My professor when talking about the EPR paradox said that the singlet spin state,
$$ |00\rangle=\frac{1}{\sqrt 2}(|+-\rangle-|-+\rangle) $$
is symmetric under rotation because its density matrix is
$$\rho=\frac{1}{4}(1-\vec{\sigma_1}\cdot\vec{\sigma_2}),$$
where $\vec{\sigma_1}$ and $\vec{\sigma_2}$ are the Pauli matrices for the first and second particle.
This is because for example a rotation around the $y$ axis that sends $\vec{e_z}$ to $\vec{e_x}$ and $\vec{e_x}$ to $-\vec{e_z}$, sends ${\sigma_i^z}$ to ${\sigma_i^x}$ and ${\sigma_i^x}$ to $-{\sigma_i^z}$ and so leaves $\rho$ unchanged.
But my professor said that $\rho$ for the state
$$ |10\rangle=\frac{1}{\sqrt 2}(|+-\rangle+|-+\rangle) $$
is
$$\rho=\frac{1}{2}(1+\vec{\sigma_1}\cdot\vec{\sigma_2}).$$
So also this state should be symmetric under rotations because there is a scalar product.
But this state isn't symmetric because, while the uncertainty of total spin third component $S^z$ is $0$ (the states is an eigenstate), the uncertainties of $S_x$ and $S_y$ are not $0$. This for example follows from the fact that $\langle S_x \rangle=\langle S_y \rangle=0$ and $\langle S_x^2 \rangle+\langle S_y^2 \rangle=\langle S^2 \rangle = 2\hbar$.
How to solve this contraddiction?
EDIT:
I think I figured out what happened: the $\rho$ matrix for $|10\rangle$ state can't be the one in the OP as shown in this calculation:
$$\vec{\sigma_1}\cdot\vec{\sigma_2}=
\frac{1}{2}[(\vec{\sigma_1}^2+\vec{\sigma_1})^2-\vec{\sigma_1}^2-\vec{\sigma_2}^2]=
\frac{1}{2}(\frac{2}{\hbar})^2 S_{tot}^2-3 =
\frac{2}{\hbar^2}S_{tot}^2-3$$
$$\rho=\frac{1}{\hbar^2}S_{tot}^2-1$$
$$\rho|10\rangle=|10\rangle$$
$$\rho|11\rangle=|11\rangle$$
$$\rho|1-1\rangle=|1-1\rangle$$
So $\rho$ can't be the projector onto the $|10\rangle$ state.
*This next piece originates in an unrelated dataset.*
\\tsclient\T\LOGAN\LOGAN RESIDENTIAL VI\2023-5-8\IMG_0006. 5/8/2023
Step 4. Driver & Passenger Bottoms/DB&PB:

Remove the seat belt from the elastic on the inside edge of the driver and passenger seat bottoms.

Can someone give me a confirmation about this?
Best Answer
Yes. This is a total-spin zero ($S^2=0$) state and also has $S_z = 0$. This means it transforms trivially under rotations.
No. No it should not be symmetric. The state you wrote above is the $S_z=0$ part of the triplet. It transforms like a vector component into the other components of the triplet.
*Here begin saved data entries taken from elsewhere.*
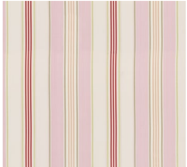
BLUSH ND 0006 6130
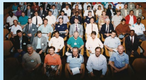
Founding faces of TAFISA, Bordeaux, France (1991)
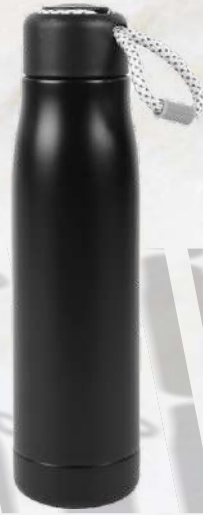
F - 05 Rs.600/-

Yes. The components of the triplet do transform under rotations.
There is no contradiction. Also, as discussed below, one of the expressions for one of the density matrices you wrote above is incorrect.
Update:
Yes. I agree. The density matrix for $|10\rangle$ is: $$ |10\rangle\langle 10| \propto \left( \begin{matrix} 0 & 0 & 0 & 0 \\ 0 & 1 & 1 & 0 \\ 0 & 1 & 1 & 0 \\ 0 & 0 & 0 & 0 \end{matrix} \right) $$ whereas the expression $1 + \vec{\sigma_1}\cdot\vec{\sigma_2}$ is: $$ 1 + \vec{\sigma_1}\cdot\vec{\sigma_2} \propto \left( \begin{matrix} 1 & 0 & 0 & 0 \\ 0 & 0 & 1 & 0 \\ 0 & 1 & 0 & 0 \\ 0 & 0 & 0 & 1 \end{matrix} \right)\;, $$ so they are not the same.
However, the expression for $|00\rangle\langle 00| = \frac{1}{4}\left(1 - \sigma_1\cdot\sigma_2\right)$ is fine.
I can confirm in the sense provided in the update above.